⑤睡眠時無呼吸症候群
検査と診断の流れ
何科に行けばいい?受診前に知っておきたいこと
「いびきが気になる」「日中に強い眠気がある」──そんなときに最初に迷うのが、「何科を受診すればいいのか?」という点です。
睡眠時無呼吸症候群(SAS)は、呼吸、睡眠、耳鼻咽喉、生活習慣など幅広い要因と関係しているため、診療科の選び方が大切です。

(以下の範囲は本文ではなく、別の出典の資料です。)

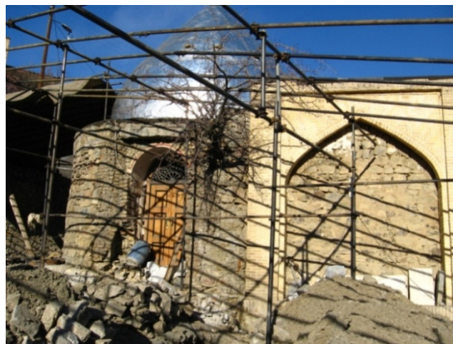
Plate 3. Imamzade Ibrahim Abnik

This offspring of Imam (Imamzadeh) is located at the northwest of Abnik village and in the western side of Kalaroud River and its geographical location is as follows: at latitude of 35 degrees, 59 minutes, and 22.9 seconds and longitude of 51degrees, 36 minutes and 7.59 seconds and height of 2450 meters above sea level. Imamzadeh is situated at the northwestern part of the village. The main materials of the building consist of rubble with stucco and clay mortar which are completely apparent from outside (pl. 3).

診断の流れをあらかじめ知っておくことで、受診後のステップがぐっとスムーズになります。
どの診療科を受診すべきか
SASの診断には、以下の診療科が対応しています。
- 耳鼻咽喉科:鼻や喉の構造に異常がないかを確認
- 呼吸器内科:呼吸機能や無呼吸の頻度を評価
- 睡眠外来・睡眠センター:専門設備を備え、総合的な検査・診断が可能
- 内科(総合診療科):最初の相談窓口として活用できる
多くの場合、これらの科で問診や簡易検査を行い、必要に応じて専門的な検査へと進みます。
診断までのステップ
1. 問診と簡易評価
- 睡眠の状況、日中の眠気、いびきの有無などをヒアリング
- **エプワース眠気尺度(ESS)**といったチェックリストで眠気の程度を数値化
2. 簡易検査(自宅スクリーニング)
- 医師から貸与される小型機器を自宅で一晩装着
- 呼吸の流れ、血中酸素濃度、心拍、いびき音などを測定
- 結果に応じて、精密検査(PSG)へ移行
3. 精密検査:終夜睡眠ポリグラフ検査(PSG)
かつては「入院して一泊検査」が基本でしたが、近年では自宅で実施できる方法も普及しています。
(1)病院で行う入院型PSG
- 脳波・眼球運動・筋電図・心電図・呼吸・酸素飽和度などを同時に記録
- 無呼吸のタイプ(閉塞性/中枢性)、睡眠の質や回数を正確に分析
- 1泊入院で実施/保険適用可能
(2)在宅で行うPSG(自宅型ポリグラフィー)
- 検査機器を持ち帰り、自宅で装着して睡眠を計測
- 普段の環境で検査できるため、自然なデータが得やすい
- ただし、装着方法を誤ると測定エラーになるため、事前の説明が重要
PSGの診断基準(AHI:無呼吸低呼吸指数)
- 軽症:5〜15回/時間
- 中等症:15〜30回/時間
- 重症:30回以上/時間
この数値と症状をあわせて、治療方針(CPAP療法、マウスピース、生活習慣の改善など)が決定されます。
受診前に準備しておくとよいこと
- 家族からの指摘(いびき・呼吸停止など)をメモ
- 起床・就寝時刻や日中の眠気を記録
- 健康診断の結果や既往歴、服薬内容を整理
これらを持参することで、医師の診察や検査がスムーズになります。
まとめ:診断の第一歩は「疑いを持つこと」
睡眠中の異変は自分では気づきにくいものです。
少しでも不安を感じたら、まずは適切な診療科を受診し、簡易検査や在宅PSGから始めましょう。
早めの診断こそが、重篤な合併症を防ぐ最大の武器になります。